To confess that you are an actual new creation created in Christ Jesus, that you are a partaker of the very nature and life of the Deity, would amaze your friends.
It isn’t confessing it once, but daily affirming your relationship to Him, confessing your righteousness, your ability to stand in His presence without the sense of guilt or inferiority.
Dare to stand in the presence of sense knowledge facts and declare that you are what God says you are!
For instance, sense knowledge declares that I am sick with an incurable illness. I confess that God laid that disease on Jesus and that Satan has no right to put it on me, that “by His stripes, I am healed.” (See Isaiah 53:5.) I am to hold fast to my confession in the face of apparent sense knowledge contradiction.

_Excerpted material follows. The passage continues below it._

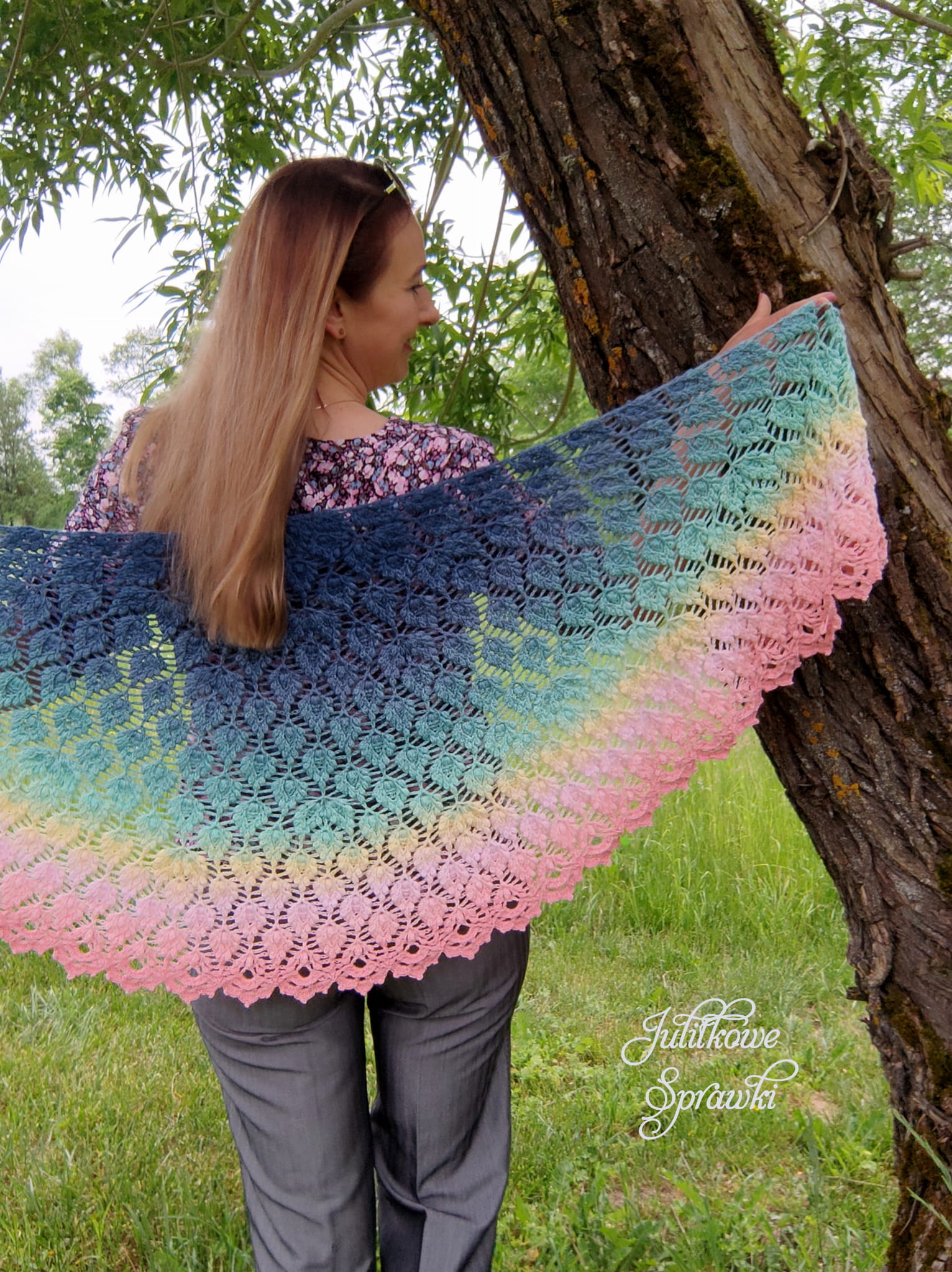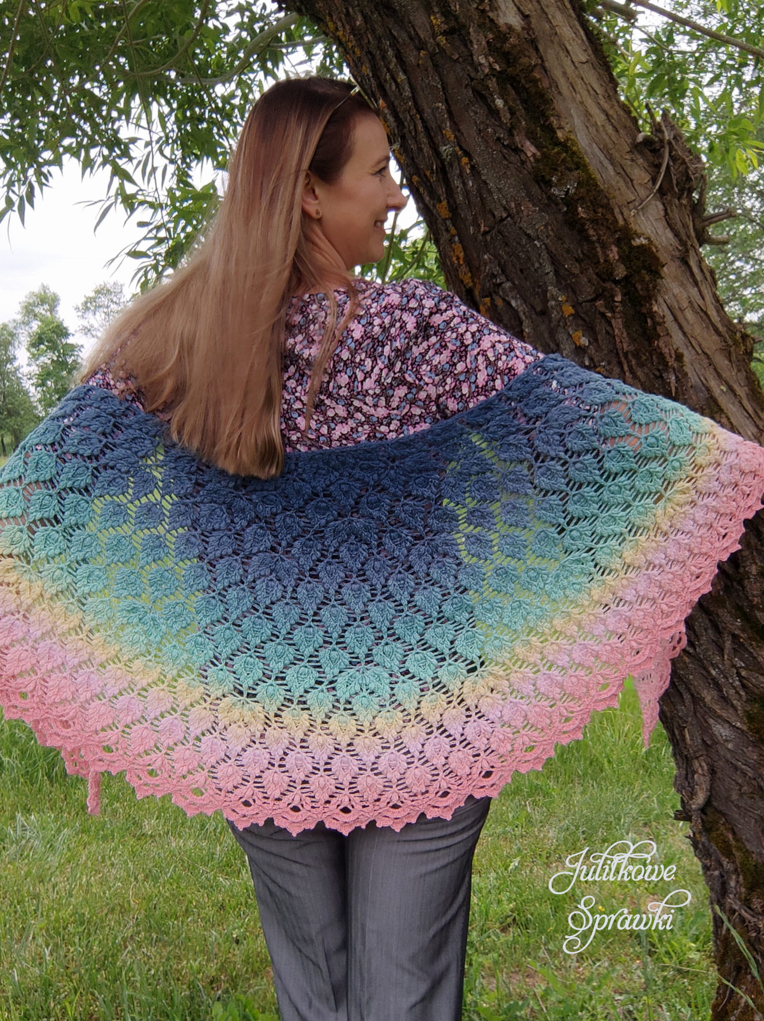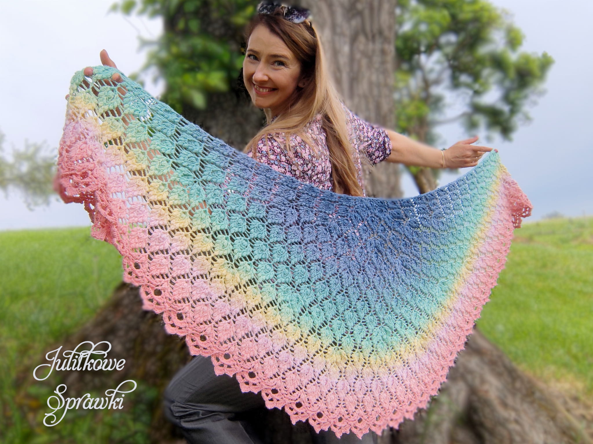 Wzór na półokrągłą chustę na szydełku "Rozkosz Endorfiny" ("Endorphin Bliss").

Sense knowledge says that it is not true, that I am confessing an untruth, but I am confessing what God says.
You see, there are two kinds of truth: sense knowledge truth and revelation truth. They are usually opposed to each other.
I live in the new realm above the senses, so I hold fast to my confession that I am what the Word says I am.
Suppose my senses have revealed the fact that I am in great need financially. The Word declares, “My God shall supply every need of yours” (Philippians 4:19 ASV).
I call His attention to what the senses have intimated, and He knows that my expectations are from Him. I refuse to be intimidated by sense evidences. I refuse to have my life governed by them. I know that greater is He that is in me than the forces that surround me.
The forces that oppose me are in the senses.
The power that is in me is the Holy Spirit, and I know that spiritual forces are greater than the forces in the sense realm.
I maintain my confession of spiritual values, of spiritual realities, in the face of sense contradictions.